What's the domain and range for #y=-2sqrt(x+2)-1#?

1 Answer

You asked: domain and range for #y=-2sqrt(x+2)-1#

In this case, we need to begin with the domain and range of the parent function, #y=sqrt(x)# and see what's different between the two equations. The domain for #y=sqrt(x)# is #[0,oo)# and the range is #[0,oo)#. That means it starts at the origin and continues to the right and up forever.
graph{y=sqrtx}

#y=color(red)(-)color(blue)(2)sqrt(xcolor(green)(+2))color(purple)(-1)#

The #color(red)(n egative)# tells us that the graph is flipped over the #x#-axis. Now our range is #(-oo,0]#
graph{y=-sqrtx}

The #color(blue)(2)# tells us that the graph is stretched vertically by a factor of #2#. that means that if the normal coordinate pair was #(1,-1)#, now it's #(1,color(blue)(-2))#. Make sure you leave the #x# component alone. Only the #y# changes!
graph{y=-2sqrtx}

The #color(green)(+2)# tells us that we need to vertically shift the graph over. Now, you might want to move it to the right, because on a number line, #+# means to the right. But, when the number is inside the grouping system (#sqrt#, #abs(color(white)(x))#, #()#... etc.), it goes the opposite direction you might think. So, we shift #2# units to the LEFT
graph{y=-2sqrt(x+2)}

W haven't changed our range, but our domain is now from #-2# to infinity, or #[-2,oo)#. The range is still #(-oo,0]#

Almost done! #color(purple)(-1)# tells us that we need to vertically shift the graph.

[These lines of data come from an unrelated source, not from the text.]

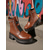 Women's Mocha Brown Western Cowboy Boots with White Embroidered Details and Block Heels, Bohemian Western Style Footwear
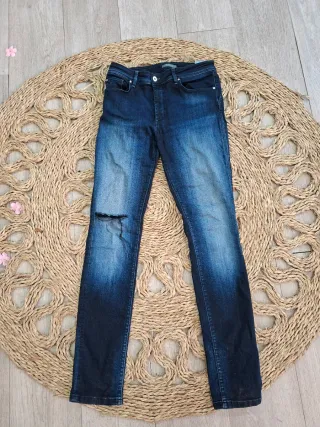 Pantalón vaquero de corte ajustado para mujer. Presenta un diseño desgastado y moderno. - Tiro alto. - Efecto desteñido. - Abertura en la rodilla.
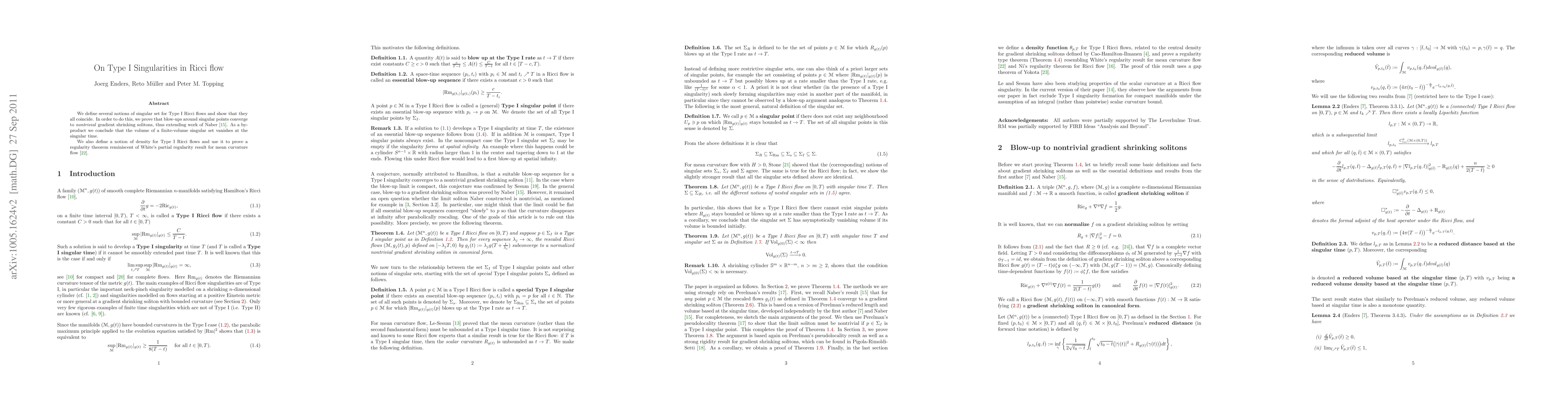 Researchers investigate Type I Ricci flows and find that different notions of singular set coincide, leading to a regularity theorem similar to White's result for mean curvature flow, with implications for understanding the behavior of these flows.
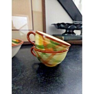 This vintage Vernonware Homespun set captures the charm of mid-century California pottery. Produced by Vernon Kilns during the 1940s–1950s, the Homespun pattern features a hand-painted plaid in rustic red-brown, green, and golden yellow. Each piece is painted under the glaze, meaning no two are exactly alike, and they carry the timeless charm of handcrafted dinnerware.
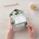 MIT ODER OHNE ABENDESSEN. AUCH MIT EINEM QR-CODE IM UAWG BEREICH VERFÜGBAR. Dieses Design besticht durch eine wunderschöne tropische Vegetation und weiße Blumen auf einem sanften grünen Aquarell. Ideal für die Ziel- oder Strandhochzeit. Erstellt von der einfachen Farmhouse Press.
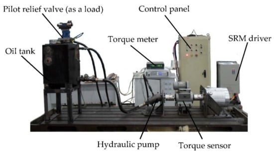 As shown in Figure 18, the test bench was composed of the SRM, the speed and torque sensors, the hydraulic motor, couplings, the bench base and the mount rack.
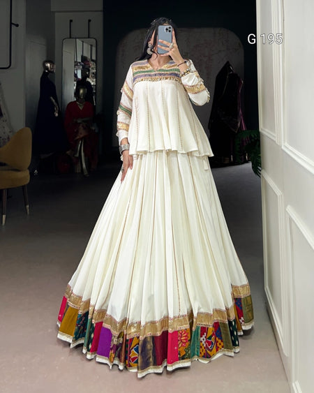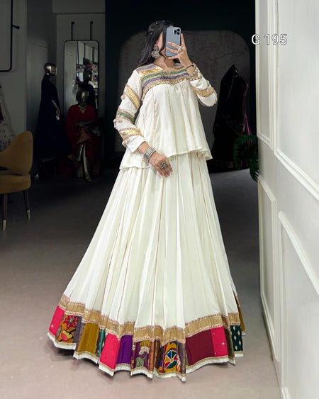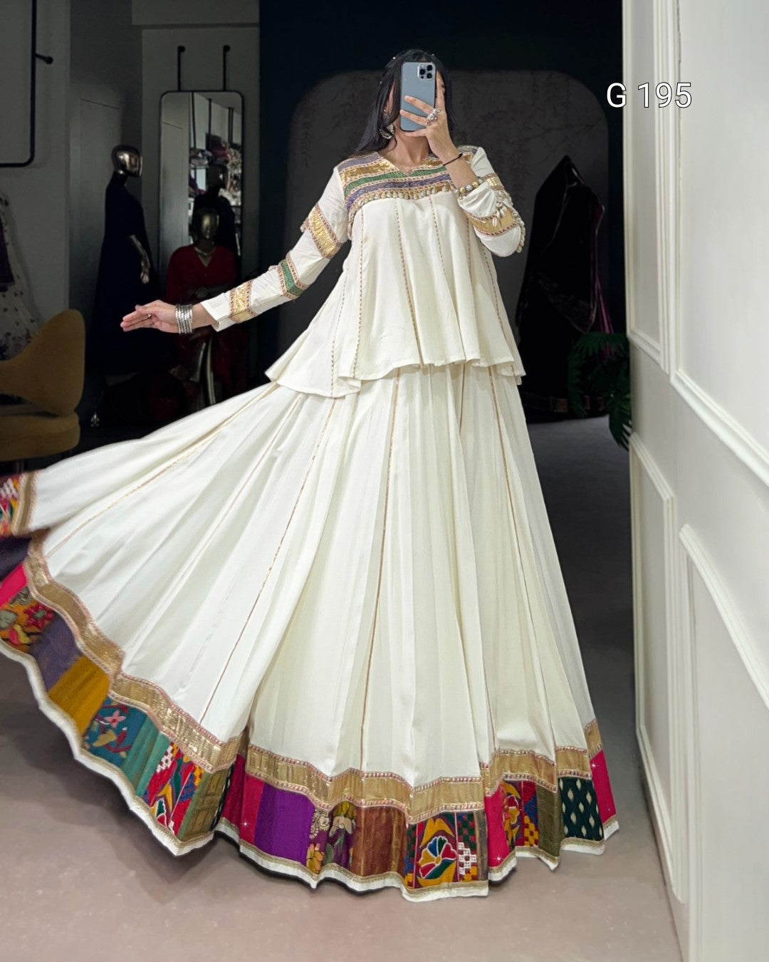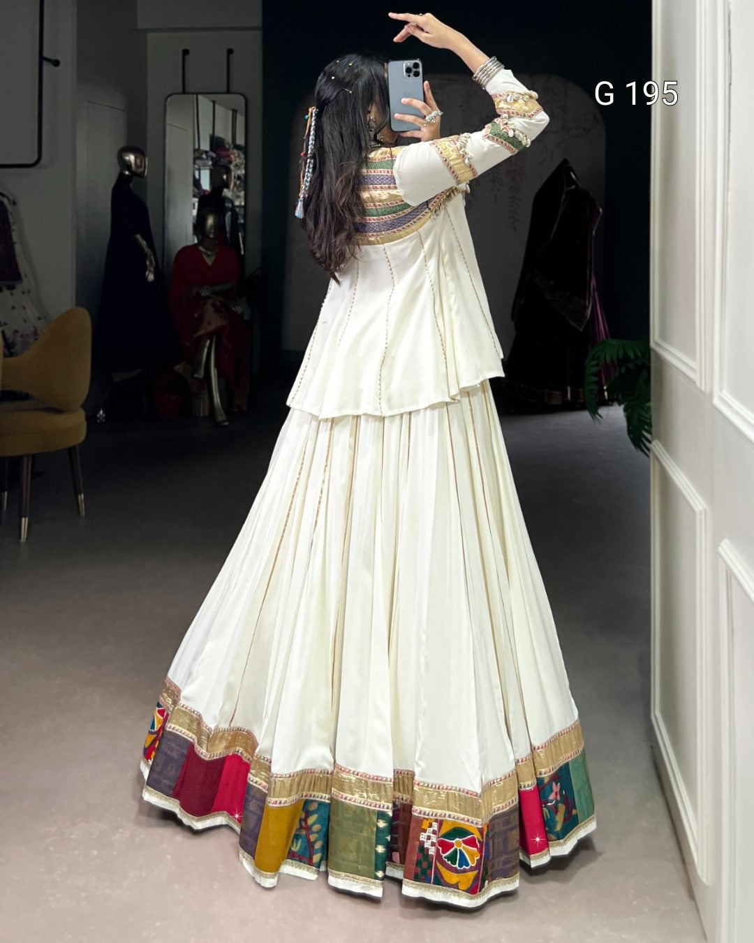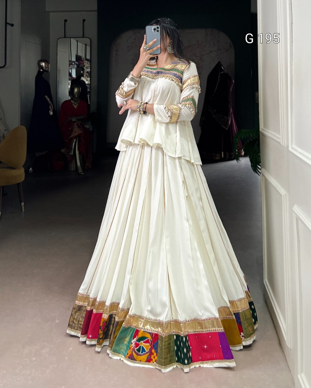 White Pure Rayon Lehenga with Multi Patch Work & Gota Patti Lace – G 195 White
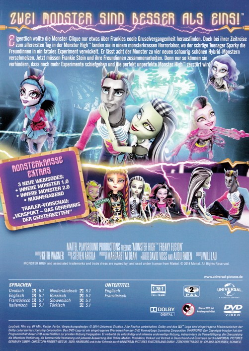Eigentlich wollte die Monster-Clique nur etwas über Frankies coole Gruselvergangenheit herausfinden. Doch bei ihrer Zeitreise zum allerersten Tag in der Monster High landen sie in einem monsterkrassen Horrorlabor, wo der schräge Teenager Sparky die Freundinnen in ein fatales Experiment verwickelt. Er lässt acht der Monster zu vier neuen schaurig-schönen Hybrid-Monstern verschmelzen. Jetzt müssen Frankie Stein und ihre Freundinnen zusammenarbeiten. Denn nur so können sie verhindern, dass noch mehr Experimente schiefgehen und die perfekt unperfekte Monster High zerstört wird
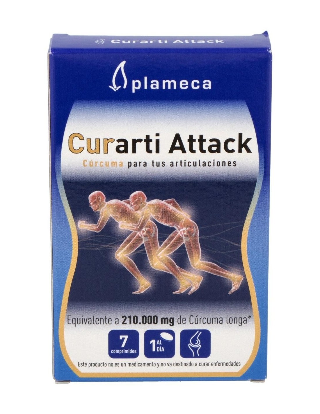 Agente de carga (celulosa), Curarti® Complejo soluble de betaciclodextrina (humectante) y curcumina (extracto de rizomas de Cúrcuma -Curcuma longa- normalizado), Agente de carga (fosfato de calcio), Ácido L-ascórbico (vitamina C), Estabilizante (carboximetilcelulosa sódica entrelazada), Antiaglomerantes (sales magnésicas de ácidos grasos, dióxido de silicio). Agente de recubrimiento: Hidroxipropilmetilcelulosa, Celulosa, Ácidos grasos y Colorantes (dióxido de titanio y óxido de hierro).
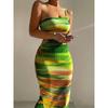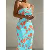 Summer Color-blocking Gradient Sexy and Fashionable Printed Shoulder Strap Hip-hugging Dress
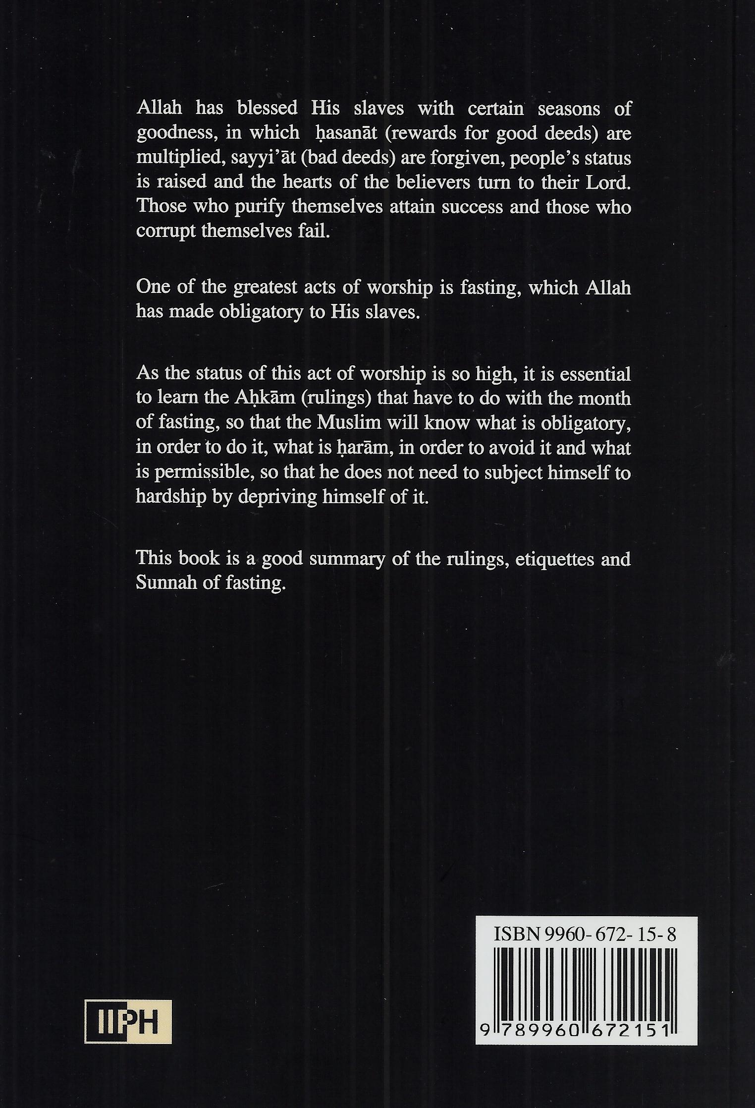 About the Book: Allah has blessed His slaves with certain seasons of goodness, in which rewards for good deeds are multiplied, bad deeds are forgiven, people’s status is raised, the hearts of the believers turn to their Lord, those who purify themselves attain success, and those who corrupt themselves fail. Ramadan, the month of fasting, is one such season. Fasting is one of the greatest acts of worship, and Allah has made fasting obligatory for His slaves. As the status of this act of worship is so high, it is essential to learn the rulings that have to do with the month of fasting, so that the Muslims will know what is obligatory, in order to do it, what is forbidden, in order to avoid it, and what is permissible, so that they do not need to subject themselves to hardship by depriving themselves of it. Matters Related to Fasting is a good summary of the rulings, the etiquette, and the manner of fasting according to the Sunnah.
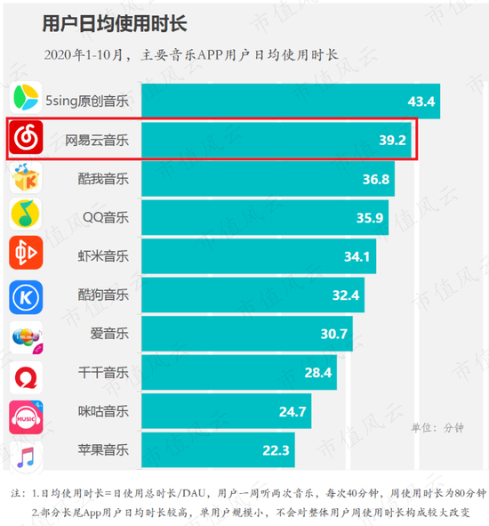 根据Fastdata的《2020年中国在线音乐行业报告》,2020年1-10月,腾讯音乐旗下的三款音乐APP的用户日均使用时长,均低于网易云音乐APP的用户日均使用时长。
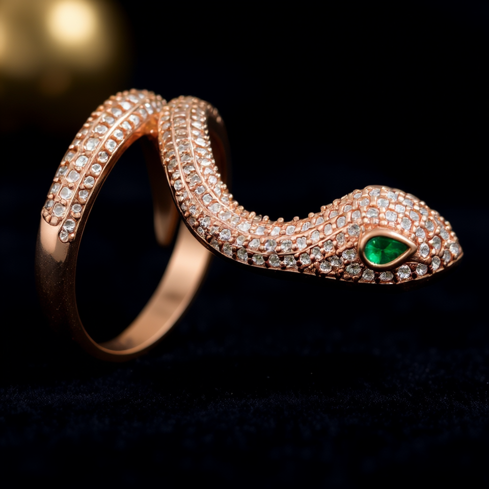 แหวนรูปงู ชุบทองคำขาว ประดับเพชร CZ ใส 18K ฝังไทเทเนียม แหวนเปิดปรับขนาดได้ แฟชั่นทันสมัย ของขวัญสำหรับทุกเพศทุกวัย เครื่องประดับสำหรับใช้ในชีวิตประจำวัน
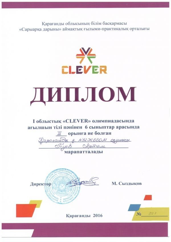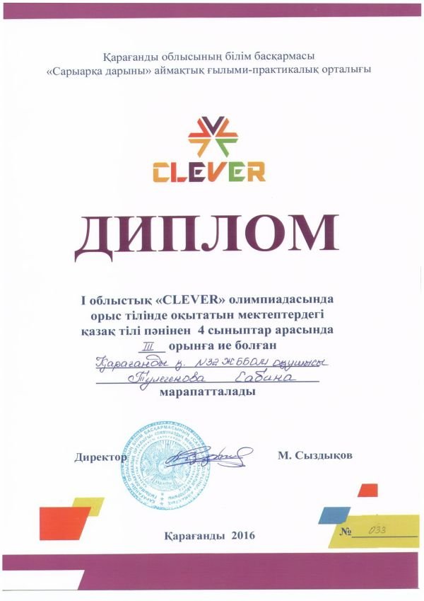 Тулегенова Сабина (4в) - III место по казахскому языку;
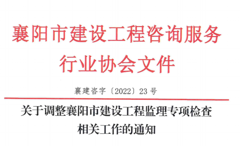 襄建咨字〔2022〕23号关于调整襄阳市建设工程监理专项检查相关工作的通知
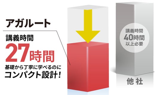 他社の講座では40時間以上必要なため、圧倒的にコンパクトなつくりになっています。

When the shift is outside the grouping system, it follows the normal rules, so a negative number means a shift down. In this case, our graph needs to be shifted down #1# unit.

graph{y=-2sqrt(x+2)-1}
Now our domain goes from #-2# to #oo# (it stayed the same), but the range is from #-oo# to #-1# or #(-oo,-1]#. That's our final answer.